# Plastic toys as docorations?



## Sivan (Aug 30, 2010)

I was thinking about what kind of aquarium decorations to have for my future tank. I've decided on a natural look with rocks and fake plants. Then, I had a geeky idea that I almost want to try.

I would love to see a Pokemon themed aquarium blended into a natural themed aquarium. I know that a lot of cartoon characters end up as decorations, such as Sponge Bob, and was disappointed to see that no Pokemon decorations exist. I know some people use legos in their tanks after washing/soaking them in hot, hot, water. Could the same be used on Pokemon figurines? I don't know what kind of chemicals a plastic toy would give off over time and although chance are I won't make the tank or at least won't make it immediately if it is possible, I am curious.

I wouldn't put a whole lot in there. I would love to place in a few Starmie and Staryu, maybe a Squirtle and/or Magicarp, since these Pokemon look like actual aquatic creatures. I thought it would be fun to blend them into an otherwise natural tank.

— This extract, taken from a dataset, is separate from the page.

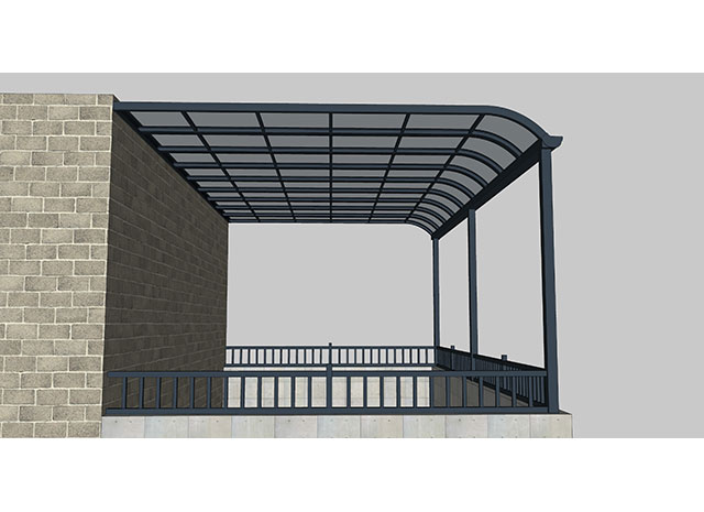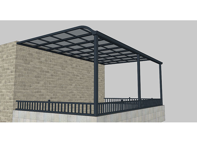 頂棚采用進(jìn)口聚碳酸酯板,抗沖擊是玻璃的數(shù)百倍,有效防止高空墜物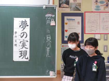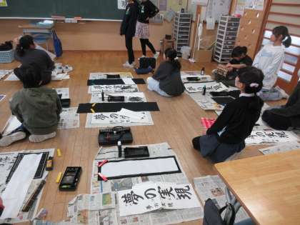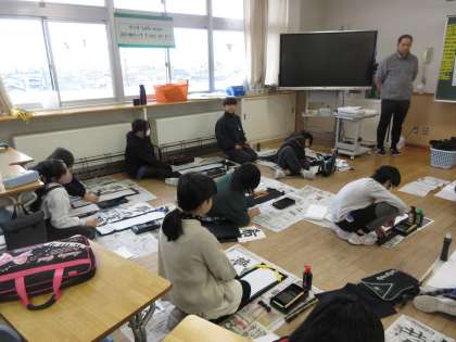 今日は、授業の初めに書道の得意な友達に、書くときのポイントを教えてもらいました。それから、それぞれ自分の作品に真剣に取り組んでいました。

I know that there are bath toys and rubber figures that would not be rough on the betta's fins but...the possible chemicals make me not want to try.


----------



## Fritz (Mar 1, 2012)

Legos might be OK because they are pure plastic but most figurines are painted. The paint they use on the toys are most likely not aquarium safe and could chip off or dissolve in the water harming your fish. However I'm not an expert so I'm not sure. If it were me I wouldn't chance it.


----------



## carzz (Mar 8, 2011)

Only used legos that have no paint and/or stickers. Figurines would be okay if they had a sealer. I don't known what it's called, but you'll paint it let dry and repeat. It seals the paint and works like a gloss and is fish safe.  try googling


----------



## Sivan (Aug 30, 2010)

Interesting. I wouldn't use the the mini figures but rather the hard plastic ones that look...friendlier for an aquarium. How do you know what kind of paint or sealer was used?


----------



## BETTACHKALOVE (Nov 22, 2010)

check this link http://www.bettafish.com/showthread.php?t=96441


----------